Add a guard in set_msglib_ptb_builder() to ensure a protocol default exists when an OApp sets DEFAULT_BUILDER; otherwise, validate non-default builders as before.

[02] Comment in burn() about which packets can be burned is misleading

In messaging_channel.move, the burn() comment says “Can only be called on packets that have been verified and not executed yet,” but the precondition targets packets at or below the cleared boundary (lazy_inbound_nonce) that still have a stored hash.

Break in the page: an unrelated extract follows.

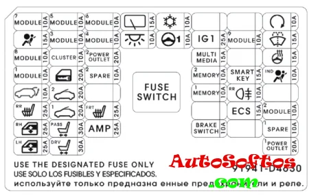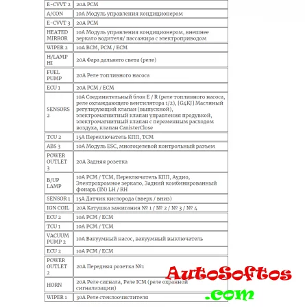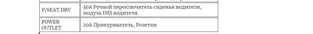 Предохранители отвечающие за прикуриватели и USB розетки обозначены как POWER OUTLET.

Channel indicates lazy_inbound_nonce is the cleared/executed boundary:

// Highest nonce that has been cleared (executed)
lazy_inbound_nonce: u64,

burn() only permits nonce <= lazy_inbound_nonce and requires a stored hash:

/// Permanently removes a packet, making it unexecutable.
/// Can only be called on packets that have been verified and not executed yet.
public(package) fun burn(...){
    let channel = self.channel_mut(src_eid, sender);
    assert!(nonce <= channel.lazy_inbound_nonce && channel.inbound_payload_hashes.contains(nonce), EInvalidNonce);
    ...
}

clear_payload() advances the boundary and removes only the delivered nonce’s hash, intentionally leaving earlier verified hashes for later cleanup (e.g., burn()):

if (nonce > current_nonce) {
    let mut i = current_nonce + 1;
    while (i <= nonce) {
        assert!(channel.inbound_payload_hashes.contains(i), EInvalidNonce);
        i = i + 1
    };
    channel.lazy_inbound_nonce = nonce;
};

let expected_hash = table_ext::try_remove!(&mut channel.inbound_payload_hashes, nonce);

Recommended Fix

Update the burn() comment to reflect intent.

[03] Doc fix

The docs state that clearing happens after execution, but the endpoint clears before creating the call.

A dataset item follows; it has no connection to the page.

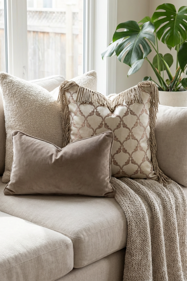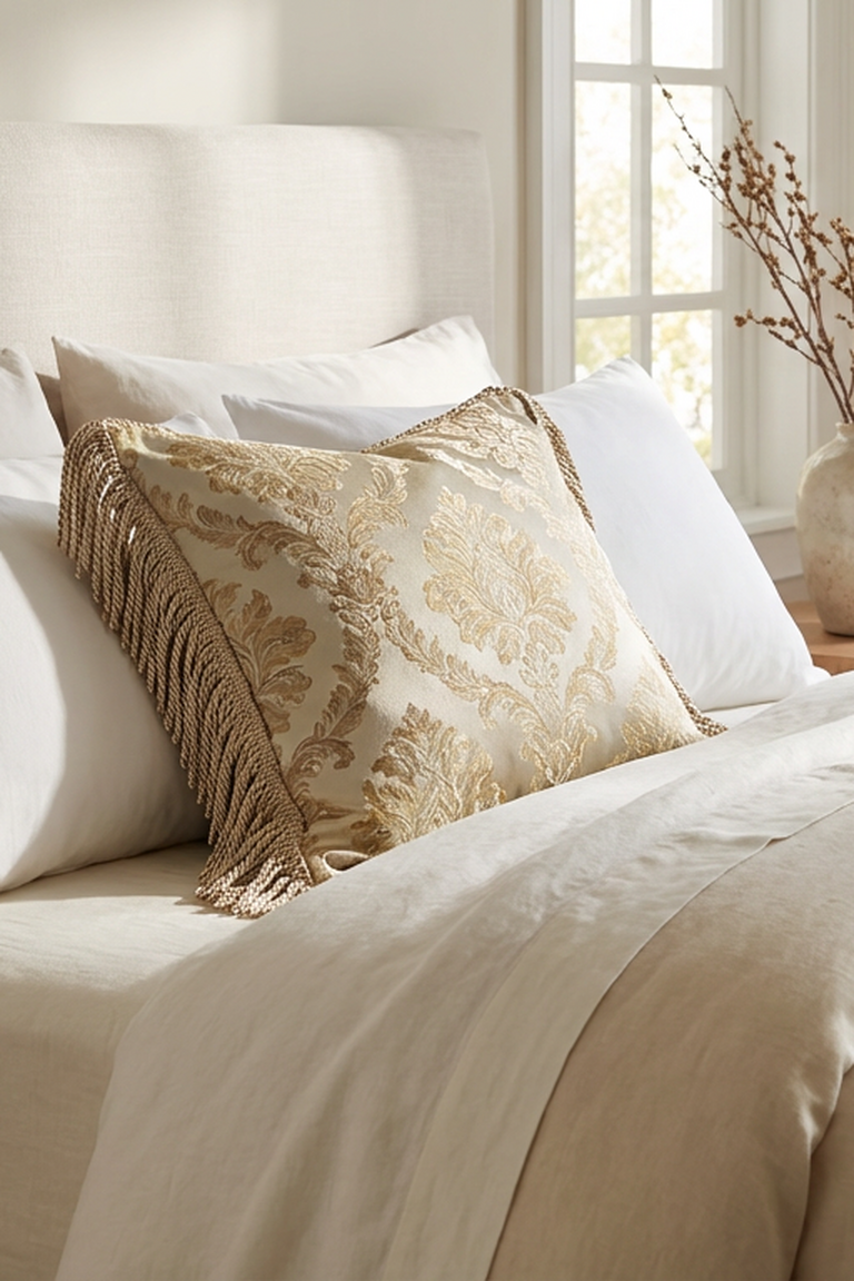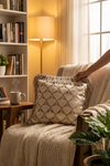Bu etkileyici yastık, özel kupon kumaş ve dikiş detayları ile tasarlanmıştır. Oturma odası ya da çalışma alanınız için zarif bir dekoratif dokunuş sağlar.

• In messaging_composer.move:

  /// **Flow:**
  /// 1. OApp calls send_compose() during or after lz_receive to queue a compose message
  /// 2. Message hash is stored in the composer's queue
  /// 3. Executor calls lz_compose() to process the queued message
  /// 4. clear_compose() marks the message as delivered and prevents re-execution
  ...
  /// Clears a compose message after successful execution.
  public(package) fun clear_compose(...) { ... }

But actually, in endpoint_v2.move:

public fun lz_compose(...): Call<LzComposeParam, Void> {
    compose_queue.clear_compose(from, guid, index, message); // cleared BEFORE call creation
    let param = lz_compose::create_param(...);
    call::create(&self.call_cap, compose_queue.composer(), true, param, ctx)
}

This can mislead anyone into thinking clearing happens post execution, while it actually happens pre-call to enforce exactly - once call creation.

Recommended Fix

Update docs in messaging_composer.move by changing flow step 4 to: “Endpoint clears the compose before creating the lz_compose Call to prevent duplicate Call creation; the entry remains with 0xff as a delivered marker.”

LayerZero commented:

1. Acknowledged. This is not a security issue, and adding the guard as you suggest wouldn’t change the impact — the OApp still can’t use it until LayerZero sets the default
2. Acknowledged.
3. Acknowledged.

---

Disclosures

C4 audits incentivize the discovery of exploits, vulnerabilities, and bugs in smart contracts. Security researchers are rewarded at an increasing rate for finding higher-risk issues. Audit submissions are judged by a knowledgeable security researcher and disclosed to sponsoring developers. C4 does not conduct formal verification regarding the provided code but instead provides final verification.

C4 does not provide any guarantee or warranty regarding the security of this project. All smart contract software should be used at the sole risk and responsibility of users.